Created 12-08-2016 01:13 PM
Is the following port opened on that host ? Or do we see any error in the AMS logs?
netstat -tnlpa | grep 6188
.
Created 12-08-2016 01:17 PM
6188 port is ok, AMS logs has some error, like this in /var/log/ambari-metrics-monitor/ambari-metrics-monitor.out:
2016-12-08 19:50:34,611 [INFO] controller.py:56 - Running Controller thread: Thread-1 2016-12-08 19:50:34,611 [INFO] emitter.py:55 - Running Emitter thread: Thread-2 2016-12-08 19:50:34,611 [INFO] emitter.py:75 - Nothing to emit, resume waiting. 2016-12-08 19:51:34,614 [WARNING] emitter.py:84 - Error sending metrics to server. [Errno 111] Connection refused 2016-12-08 19:51:34,614 [WARNING] emitter.py:90 - Retrying after 5 ... 2016-12-08 19:51:39,614 [WARNING] emitter.py:84 - Error sending metrics to server. [Errno 111] Connection refused 2016-12-08 19:51:39,614 [WARNING] emitter.py:90 - Retrying after 5 ... 2016-12-08 19:51:44,615 [WARNING] emitter.py:84 - Error sending metrics to server. [Errno 111] Connection refused 2016-12-08 19:51:44,615 [WARNING] emitter.py:90 - Retrying after 5 ... 2016-12-08 19:52:49,616 [WARNING] emitter.py:84 - Error sending metrics to server. [Errno 111] Connection refused 2016-12-08 19:52:49,616 [WARNING] emitter.py:90 - Retrying after 5 ... 2016-12-08 19:52:54,616 [WARNING] emitter.py:84 - Error sending metrics to server. [Errno 111] Connection refused 2016-12-08 19:52:54,617 [WARNING] emitter.py:90 - Retrying after 5 ... 2016-12-08 19:52:59,618 [WARNING] emitter.py:84 - Error sending metrics to server. [Errno 111] Connection refused 2016-12-08 19:52:59,618 [WARNING] emitter.py:90 - Retrying after 5 ...
others are ok.
Created 12-08-2016 01:18 PM
ERROR org.apache.hadoop.yarn.server.applicationhistoryservice.ApplicationHistoryServer: RECEIVED SIGNAL 15: SIGTERM
And in ambari-metrics-collector.log there is above error.

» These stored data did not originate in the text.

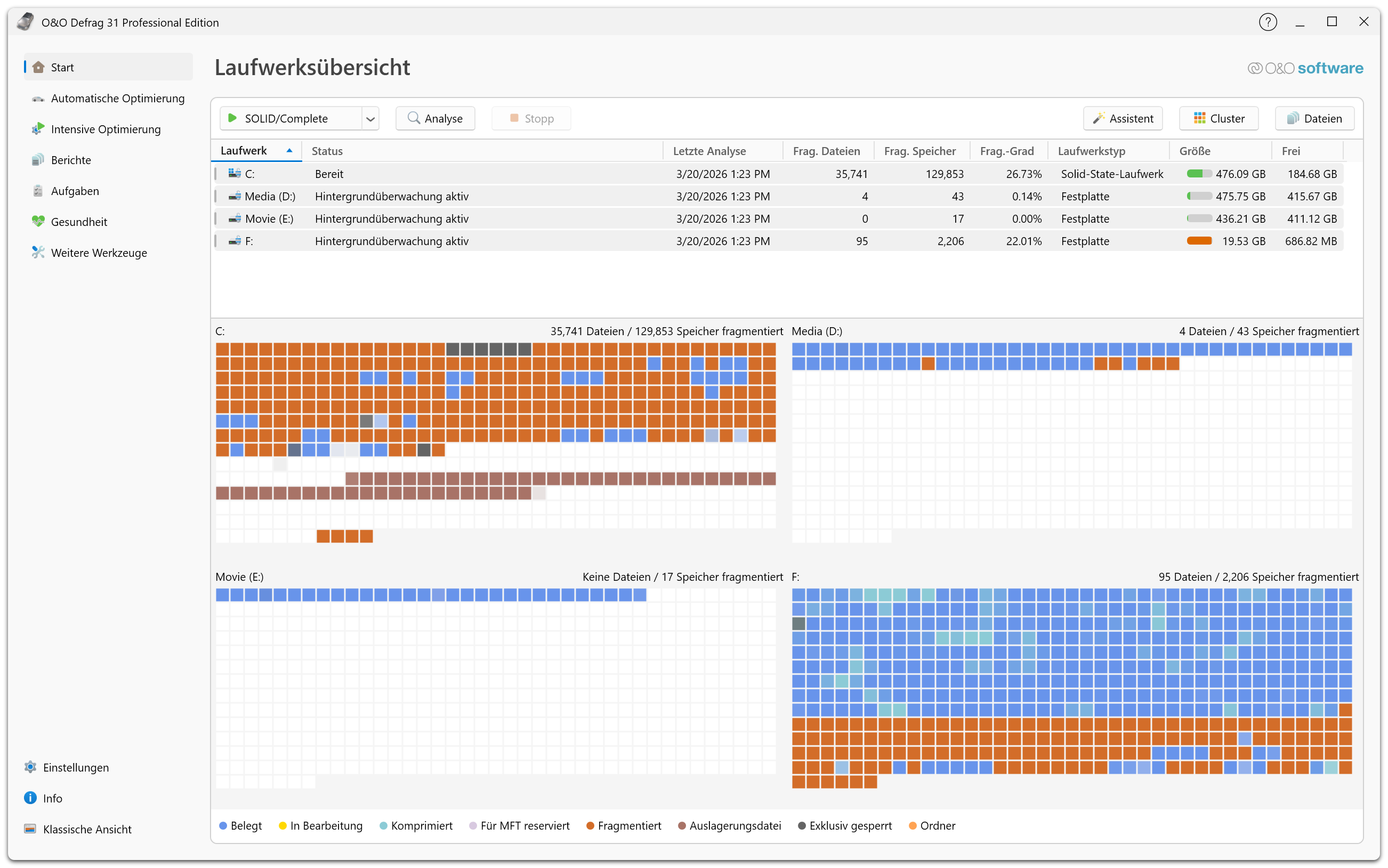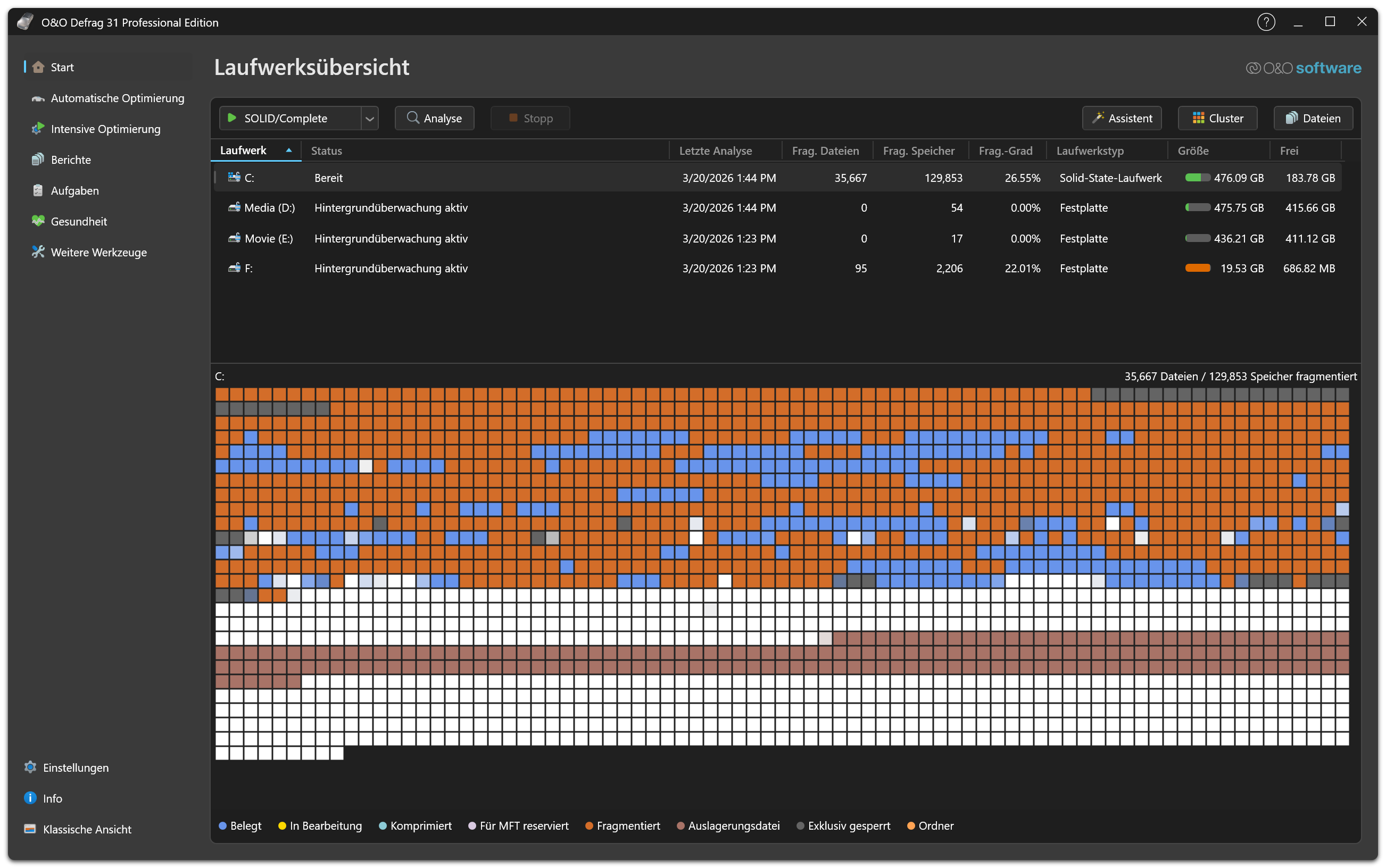 Nach der Aktivierung analysiert O&O Defrag automatisch Ihr System und empfiehlt die optimalen Einstellungen für Ihre Laufwerke. Mit nur wenigen Klicks können Sie die Optimierung starten und die Leistung Ihres Systems spürbar verbessern.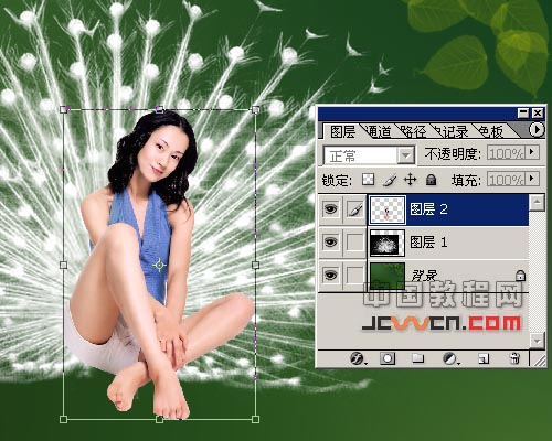 将女孩图层放在最上层,CTRL+T自由变换,按着SHIFT键可以保证人物图像不会变形。把人物缩小到合适大小。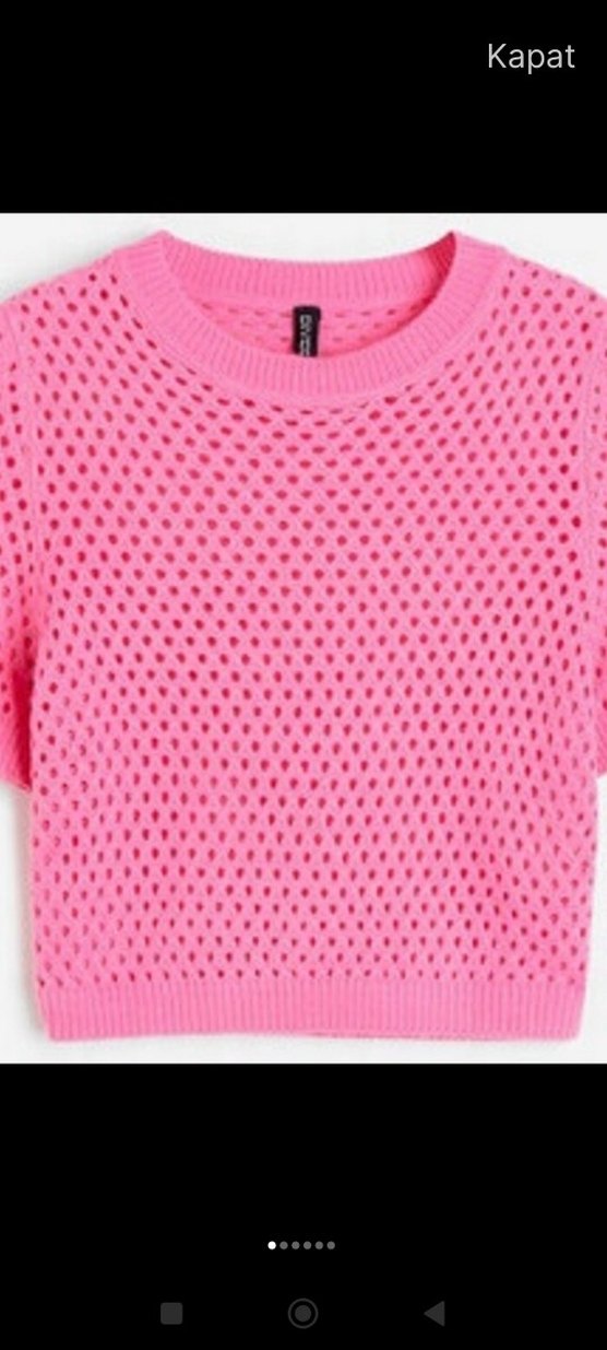 Pembe, kısa kollu, yuvarlak yaka ve nefes alabilen örgü desene sahip, vücuda oturan kadın kazak. Pastel rengiyle günlük sokak stiline uygundur.

Created 12-08-2016 02:03 PM
Looks like your AMS is getting down. Can you check if it is happening frequently. Sometimes we have seens that if it has insufficient memory then it is killed and restarted again.
Created 12-09-2016 01:14 AM
I know the reason, because 'timeline.metrics.service.webapp.address' in the ams-site.xml file is not be modified. Why?